One of my favourite approaches was demoed to me by Martin Stabe at the Financial Times: all of their graphics and data reporting staff have access to a shared MySQL database. When a new dataset is collected, it becomes another table in this database. Over time, this has lead them to create a massive collection of tables which are easy to query and can be joined up for ad-hoc relationships.

The obvious downside of this approach is that it has a fairly high barrier to entry: even with tools like phpMyAdmin, a relational database is probably not every reporter’s idea of a comfortable working environment. The FT’s solution to this appears to be teamwork, with reporters and members of the data team collaborating on projects where needed.

Platforms to the rescue?

While these approaches are very pragmatic, it’s doubtful how well they scale both on a human and a technical level. Of course, there are a few efforts to develop platforms to assist journalists in managing their data assets.

Probably the most relevant software project to data management in a newsroom is the Panda Project, another Knight Challenge winning project from 2011. Panda tries to capture all the little spreadsheets and tables that would result from a newsrooms daily operations and gives them a permanent home.
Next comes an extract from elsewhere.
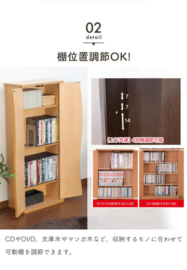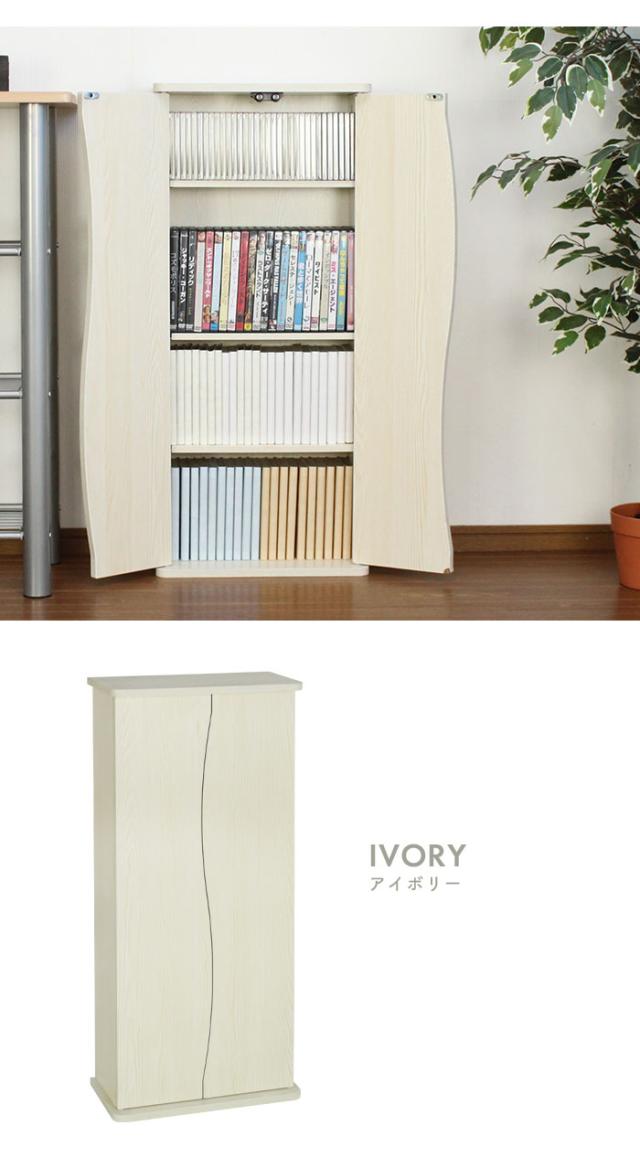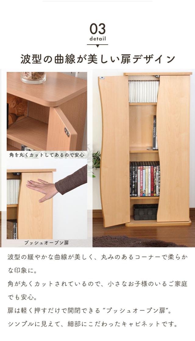 | 奥行20cmとスリムな見た目とは異なり、たっぷり収納できるキャビネット。 1段につき本なら約23冊、DVDなら約22本、CDなら約32枚程度収納が可能です。 ※収納物のパッケージの大きさによりますので、あくまでご参考程度となります。 扉デザインはゆるやかな波型の曲線で優しい印象に。 扉は軽く押すだけで開閉する「プッシュオープン式」を採用しています。 コーナーは角を丸くカットしているので、小さなお子様のいるご家庭でも安心してお使いいただけます。 |

The developers put a lot of emphasis on ease of use, so the effort required to upload data would be minimal. At the same time, they chose to base much of the platform around full-text search. This may be useful in order to find names of companies and people in the data, but for statistical and other measurement data, the search makes no sense. Since the only other option is to download the entire dataset, Panda simply lacks a good way to handle numeric data.
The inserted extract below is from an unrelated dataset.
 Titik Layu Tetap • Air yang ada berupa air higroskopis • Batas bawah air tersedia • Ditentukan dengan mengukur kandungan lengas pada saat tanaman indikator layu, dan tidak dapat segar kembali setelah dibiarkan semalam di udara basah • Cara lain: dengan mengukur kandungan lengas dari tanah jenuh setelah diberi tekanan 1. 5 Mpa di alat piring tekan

CKAN, the OKFN’s widely-used data catalogue, is another possible solution to keep track of datasets. Since its 2.0 release, the platform features an attractive user interface and decent data previews. My concern about using CKAN for data management (as opposed to its publication) is that unlike tools like GitHub, CKAN doesn’t integrate into a workflow but rather relies on the user to fill out forms to document their actions.

Interestingly, this concern was rejected by folks at Spiegel, pointing out that form-filling is something that can be enforced via policy within the organisation. I’m not entirely convinced of this, so it seems like there may be an interesting experiment to be had here.
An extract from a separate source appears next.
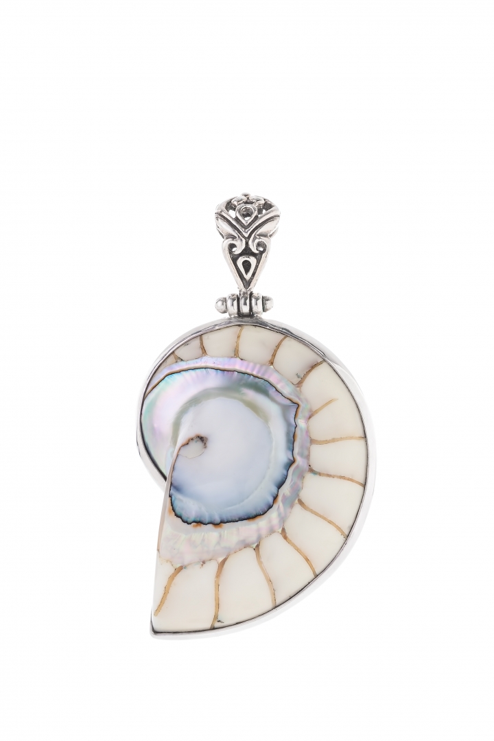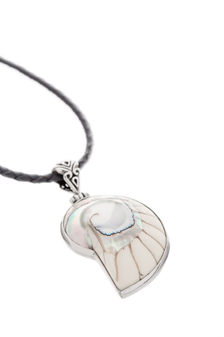 Nautilus shell conists of many layers in different colors. It is also affectionately referred to as the "tail of a mermaid", because of it's divine color and origin. This pendant's whole shell was polished down to the innermost layer to reveal naturally pearlescent blue and white shades. Each pendant is unique and unrepeatable - a true creation of nature. Generously sized, these shells are guaranteed to make a statement. Nautilus shell will add natural yet eye-catching color, visual interest, and an organic touch to your outfit.

While it may be a bit of a long shot, I’m also trying to find out if the next version of the Investigative Dashboard may be able to play such a role in newsrooms.

Finally, there is an entire category of business intelligence tools (like Pentaho or its commercial competitors) that could help manage a complex data warehouse. I’m not sure how these tools fit in well with an incremental approach to building a data architecture at Spiegel though.

What is to be done?

For the moment, Spiegel’s documentation unit has set up a massive storage server running Postgres as the core data system. Reporters and researchers will be given access to this database using a visual database client, and I’m busy importing a few core datasets based on public statistical databases.

Once this is running and has been adopted by some of the research staff, I’m keen to actually run the CKAN experiment and too see if this very structured approach will succeed. At the same time, I’m hoping that other people may be aware of better solutions to this challenge - so: how does your news organisation manage its data?